- REQUIRED WORK -
Transcribe exactly the entries from the "Unital Melatonin Long" line to the end, both included, minus pictures.

- Source records -
▼▼▼

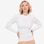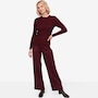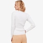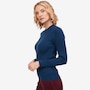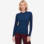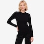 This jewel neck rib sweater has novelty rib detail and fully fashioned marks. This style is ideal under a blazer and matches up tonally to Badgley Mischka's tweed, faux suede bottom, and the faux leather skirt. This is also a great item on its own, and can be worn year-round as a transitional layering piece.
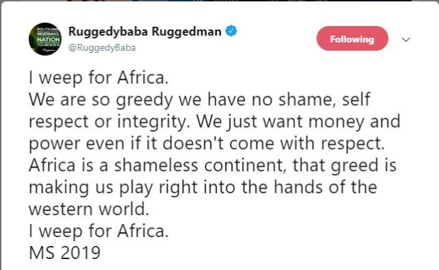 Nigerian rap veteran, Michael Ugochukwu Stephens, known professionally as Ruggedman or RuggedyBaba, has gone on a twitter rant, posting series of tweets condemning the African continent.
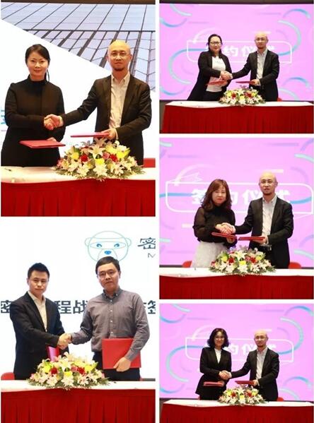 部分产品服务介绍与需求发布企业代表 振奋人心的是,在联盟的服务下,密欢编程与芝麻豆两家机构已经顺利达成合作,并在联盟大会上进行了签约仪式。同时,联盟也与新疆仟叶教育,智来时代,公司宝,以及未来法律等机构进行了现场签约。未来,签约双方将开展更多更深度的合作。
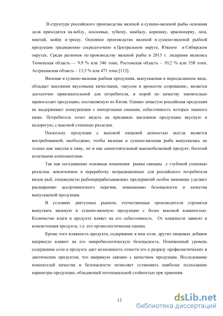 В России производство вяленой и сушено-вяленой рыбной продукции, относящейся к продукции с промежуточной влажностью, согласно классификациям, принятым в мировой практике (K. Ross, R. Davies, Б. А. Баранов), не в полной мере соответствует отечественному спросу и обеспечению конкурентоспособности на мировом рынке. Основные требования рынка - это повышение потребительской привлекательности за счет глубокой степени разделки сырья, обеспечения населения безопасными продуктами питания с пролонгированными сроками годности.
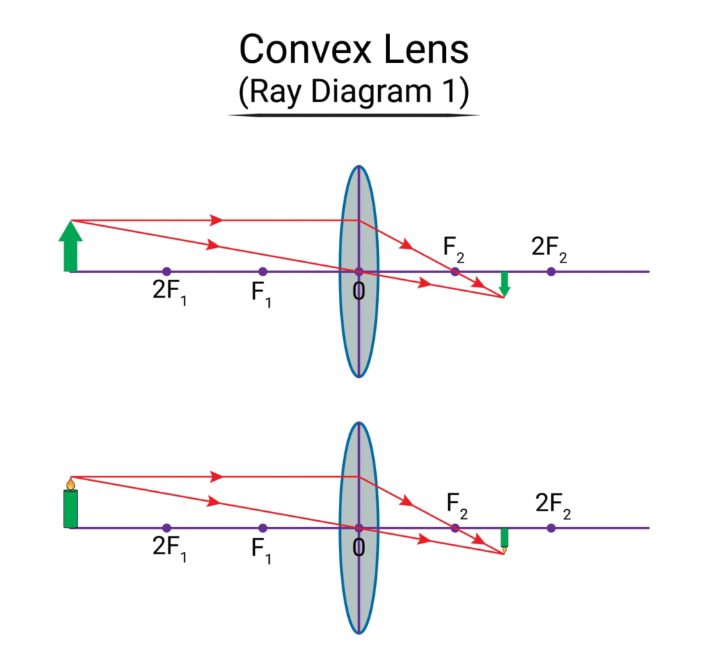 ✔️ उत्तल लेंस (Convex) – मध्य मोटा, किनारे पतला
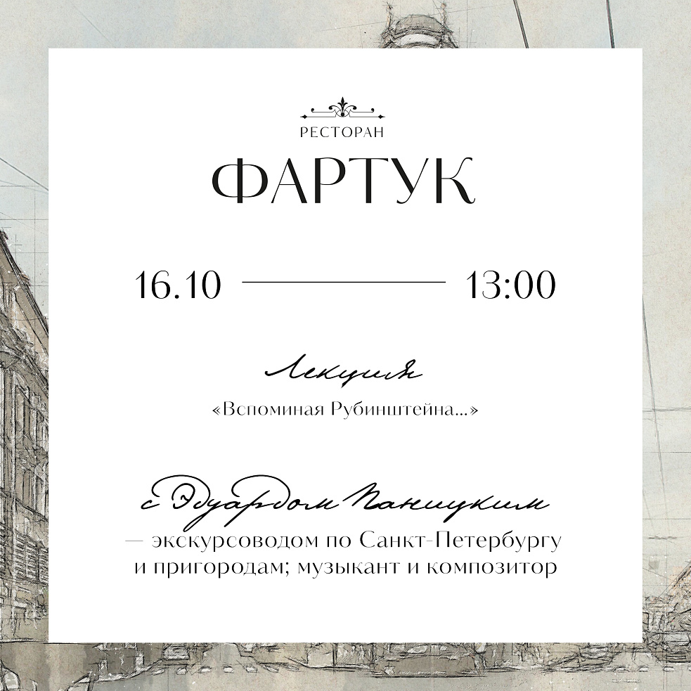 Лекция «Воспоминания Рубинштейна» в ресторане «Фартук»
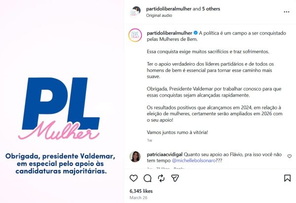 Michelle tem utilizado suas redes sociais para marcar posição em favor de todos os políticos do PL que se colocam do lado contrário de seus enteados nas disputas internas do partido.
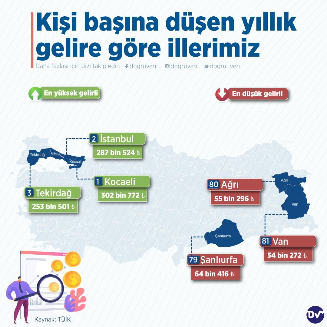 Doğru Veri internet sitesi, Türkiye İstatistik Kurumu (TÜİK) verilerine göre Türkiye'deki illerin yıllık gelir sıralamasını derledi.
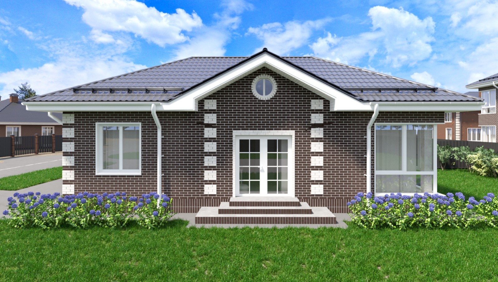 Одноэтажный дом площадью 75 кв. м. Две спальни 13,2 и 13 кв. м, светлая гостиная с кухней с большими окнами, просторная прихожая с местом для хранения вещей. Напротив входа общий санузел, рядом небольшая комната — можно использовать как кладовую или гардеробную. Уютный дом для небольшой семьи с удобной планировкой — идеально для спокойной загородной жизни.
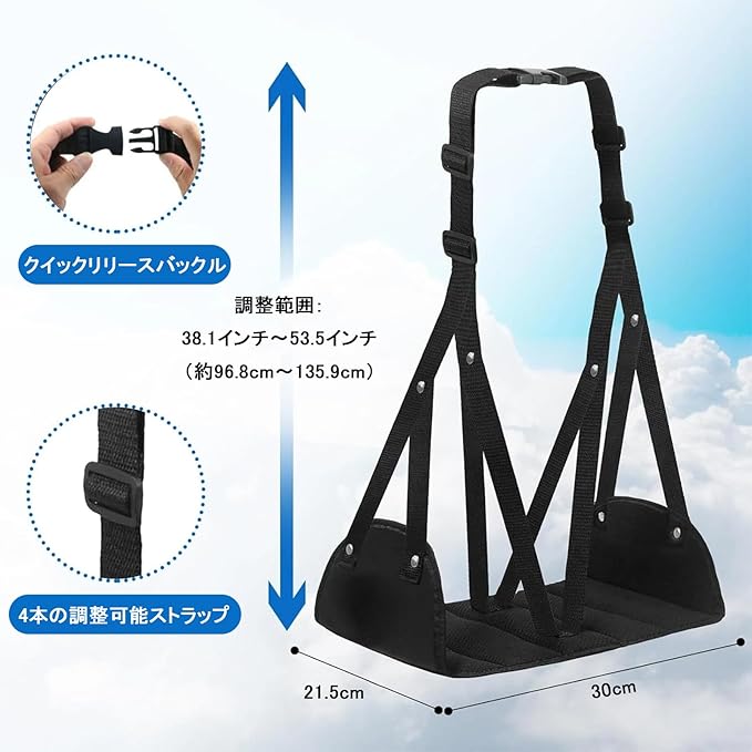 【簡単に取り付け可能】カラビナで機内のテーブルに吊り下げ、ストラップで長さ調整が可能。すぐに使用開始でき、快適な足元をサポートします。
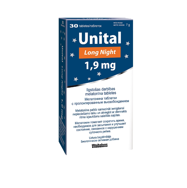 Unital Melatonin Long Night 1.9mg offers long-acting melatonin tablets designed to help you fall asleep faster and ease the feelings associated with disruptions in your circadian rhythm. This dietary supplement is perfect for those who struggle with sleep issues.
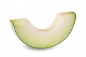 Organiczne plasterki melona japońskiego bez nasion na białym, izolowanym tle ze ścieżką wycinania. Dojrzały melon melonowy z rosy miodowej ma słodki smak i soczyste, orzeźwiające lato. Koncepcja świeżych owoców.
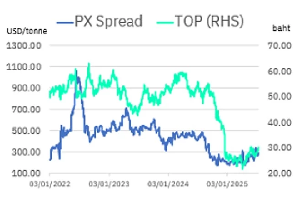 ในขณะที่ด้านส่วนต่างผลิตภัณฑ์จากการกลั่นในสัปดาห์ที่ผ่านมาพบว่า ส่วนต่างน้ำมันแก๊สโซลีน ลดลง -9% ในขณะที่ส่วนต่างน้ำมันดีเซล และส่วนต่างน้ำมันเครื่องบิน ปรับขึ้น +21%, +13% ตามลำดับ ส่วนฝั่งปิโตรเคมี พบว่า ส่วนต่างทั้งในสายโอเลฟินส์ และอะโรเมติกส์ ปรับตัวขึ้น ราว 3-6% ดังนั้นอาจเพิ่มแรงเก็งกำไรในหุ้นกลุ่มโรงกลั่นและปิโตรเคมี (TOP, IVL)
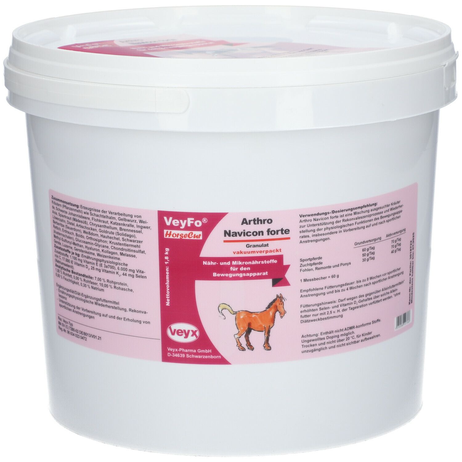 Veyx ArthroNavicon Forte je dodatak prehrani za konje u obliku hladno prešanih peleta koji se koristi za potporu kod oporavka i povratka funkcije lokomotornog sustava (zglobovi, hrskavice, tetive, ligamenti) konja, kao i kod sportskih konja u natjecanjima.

▲▲▲

- RESULT -
 Unital Melatonin Long Night 1.9mg offers long-acting melatonin tablets designed to help you fall asleep faster and ease the feelings associated with disruptions in your circadian rhythm. This dietary supplement is perfect for those who struggle with sleep issues.
 Organiczne plasterki melona japońskiego bez nasion na białym, izolowanym tle ze ścieżką wycinania. Dojrzały melon melonowy z rosy miodowej ma słodki smak i soczyste, orzeźwiające lato. Koncepcja świeżych owoców.
 ในขณะที่ด้านส่วนต่างผลิตภัณฑ์จากการกลั่นในสัปดาห์ที่ผ่านมาพบว่า ส่วนต่างน้ำมันแก๊สโซลีน ลดลง -9% ในขณะที่ส่วนต่างน้ำมันดีเซล และส่วนต่างน้ำมันเครื่องบิน ปรับขึ้น +21%, +13% ตามลำดับ ส่วนฝั่งปิโตรเคมี พบว่า ส่วนต่างทั้งในสายโอเลฟินส์ และอะโรเมติกส์ ปรับตัวขึ้น ราว 3-6% ดังนั้นอาจเพิ่มแรงเก็งกำไรในหุ้นกลุ่มโรงกลั่นและปิโตรเคมี (TOP, IVL)
 Veyx ArthroNavicon Forte je dodatak prehrani za konje u obliku hladno prešanih peleta koji se koristi za potporu kod oporavka i povratka funkcije lokomotornog sustava (zglobovi, hrskavice, tetive, ligamenti) konja, kao i kod sportskih konja u natjecanjima.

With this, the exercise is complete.